4.1 Why Numbered Scripts?

Numbered scripts encode dependency ordering:

1. domain must exist before runtime config;
2. server must be running before remote config;
3. JDBC pool must exist before JDBC resource;
4. resources must exist before app deployment;
5. health check must happen after deployment.

5. Script Foundation

Create a shared script.

#!/usr/bin/env bash
set -euo pipefail

: "${GF_HOME:?GF_HOME is required}"
: "${DOMAIN_NAME:=domain1}"
: "${ADMIN_PORT:=4848}"
: "${HTTP_PORT:=8080}"
: "${HTTPS_PORT:=8181}"
: "${ADMIN_USER:=admin}"

ASADMIN="$GF_HOME/bin/asadmin"

log() {
  printf '\n[%s] %s\n' "$(date -Is)" "$*"
}

run() {
  log "asadmin $*"
  "$ASADMIN" "$@"
}

5.1 Why set -euo pipefail?

• -e: fail on command error;
• -u: fail on unset variable;
• -o pipefail: fail if any command in pipeline fails.
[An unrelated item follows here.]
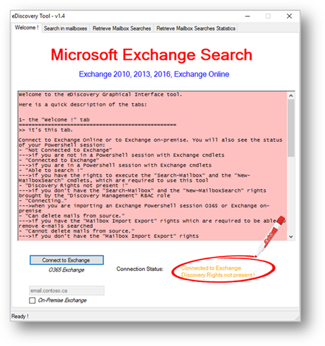 Figure 4 – Connected to Exchange, have Discovery Management rights, but no Mailbox Import Export rights mandatory to be able to purge searched items from source mailbox

Configuration script must fail loudly. Silent partial config is worse than no config.

6. Environment File Pattern

dev.env:

export GF_HOME="/opt/glassfish8/glassfish"
export DOMAIN_NAME="orders-dev"
export ADMIN_PORT="4848"
export HTTP_PORT="8080"
export HTTPS_PORT="8181"
export DB_HOST="localhost"
export DB_PORT="5432"
export DB_NAME="orders"
export DB_USER="orders_app"
export DB_PASSWORD_FILE="/run/secrets/orders_db_password"
export APP_WAR="target/orders-api.war"

Load it:

source deploy/glassfish/env/dev.env
source deploy/glassfish/scripts/00-common.sh

6.1 Do Not Commit Secrets

Commit secret references, not secret values.

Good:

export DB_PASSWORD_FILE="/run/secrets/orders_db_password"

Bad:

export DB_PASSWORD="SuperSecret123"

7. Creating a Domain

#!/usr/bin/env bash
set -euo pipefail
source "$(dirname "$0")/00-common.sh"

if "$ASADMIN" list-domains | grep -q "^${DOMAIN_NAME} "; then
  log "Domain ${DOMAIN_NAME} already exists"
else
  log "Creating domain ${DOMAIN_NAME}"
  run create-domain \
    --adminport "$ADMIN_PORT" \
    --instanceport "$HTTP_PORT" \
    "$DOMAIN_NAME"
fi

7.1 Idempotency Pattern

The script checks current state before create.

Naive script:

asadmin create-domain orders-dev

fails on second run.

Idempotent script:

if exists; then skip; else create; fi

7.2 When Not to Auto-Create

For production, domain creation might be separated from application deployment. That is fine. But the desired domain configuration should still be represented as code.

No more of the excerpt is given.